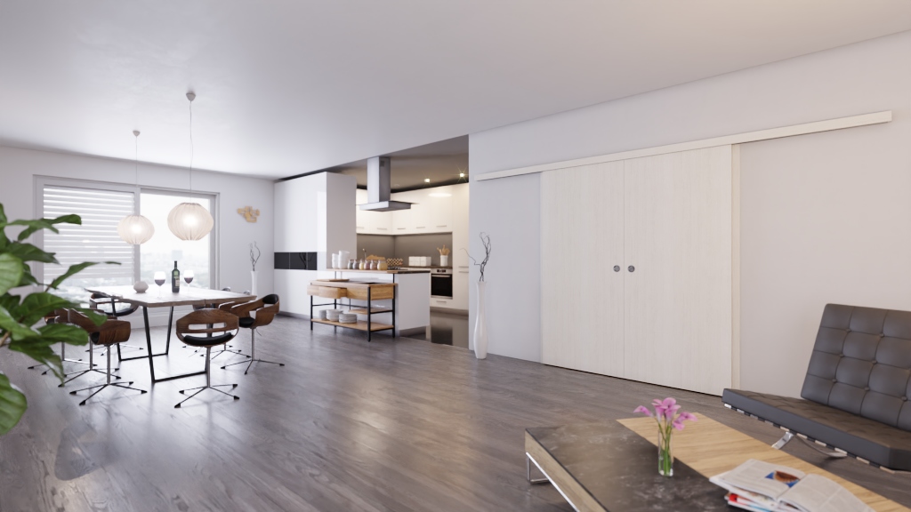 Te podwójne drzwi przesuwne to wspaniała kompozycja z klarownym koncepcją przestrzenną i wysoką funkcjonalnością!
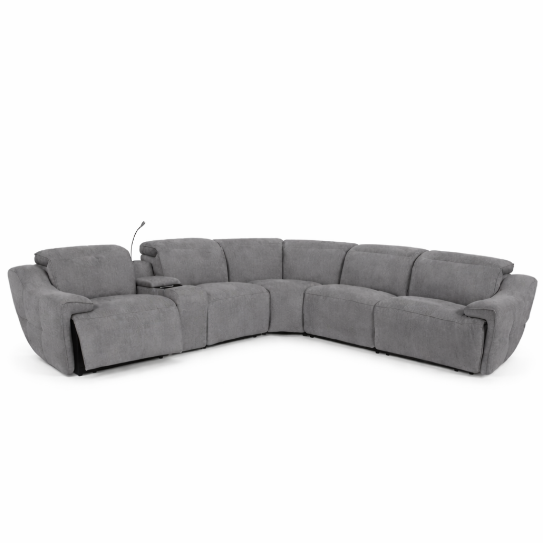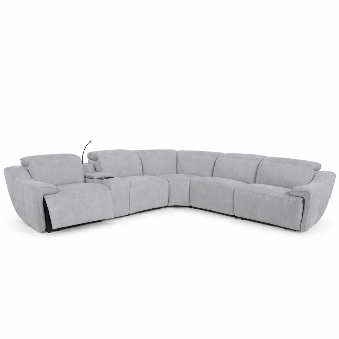 Con un diseño curvo y sistema eléctrico reclinable, este esquinero ofrece confort personalizado y una experiencia superior en espacios contemporáneos.
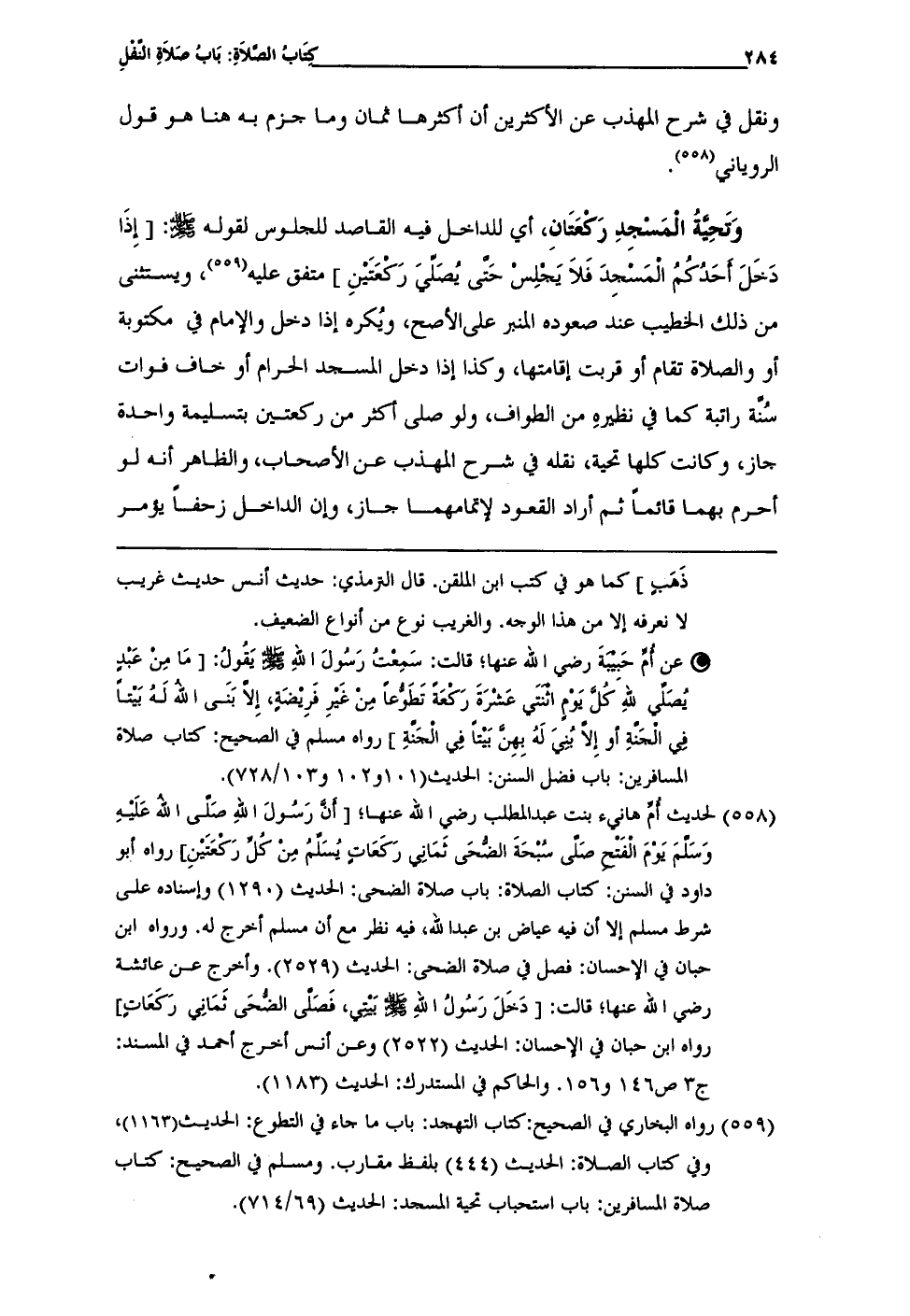 دَخَلَ أَحَدُكُمُ الْمَسْجِدَ فَلاَ يَجْلِسْ حَتَّى يُصَلِّىَ رَكْعَتَيْنِ] متفق عليه (¬559)، ويستثنى من ذلك الخطب عند صعوده المنبر على الأصح، ويُكره إذا دخل والإمام في مكتوبة أو والصلاة تقام أو قربت إقامتها، وكذا إذا دخل المسجد الحرام أو خاف فوات سُنَّة راتبة كما في نظرهِ من الطواف، ولو صلى أكثر من ركعتين بتسليمة واحدة جاز، وكانت كلها تحية، نقله في شرح المهذب عن الأصحاب، والظاهر أنه لو أحرم بهما قائماً ثم أراد القعود لإتمامهما جاز، وإن الداخل زحفًا يؤمر

* [Task directions]:
What you need to copy is the run of lines from the one holding "Con un diseño" through the end of the data, exactly and only, both ends included, pictures omitted.

* [Exercise solution]:
 Con un diseño curvo y sistema eléctrico reclinable, este esquinero ofrece confort personalizado y una experiencia superior en espacios contemporáneos.
 دَخَلَ أَحَدُكُمُ الْمَسْجِدَ فَلاَ يَجْلِسْ حَتَّى يُصَلِّىَ رَكْعَتَيْنِ] متفق عليه (¬559)، ويستثنى من ذلك الخطب عند صعوده المنبر على الأصح، ويُكره إذا دخل والإمام في مكتوبة أو والصلاة تقام أو قربت إقامتها، وكذا إذا دخل المسجد الحرام أو خاف فوات سُنَّة راتبة كما في نظرهِ من الطواف، ولو صلى أكثر من ركعتين بتسليمة واحدة جاز، وكانت كلها تحية، نقله في شرح المهذب عن الأصحاب، والظاهر أنه لو أحرم بهما قائماً ثم أراد القعود لإتمامهما جاز، وإن الداخل زحفًا يؤمر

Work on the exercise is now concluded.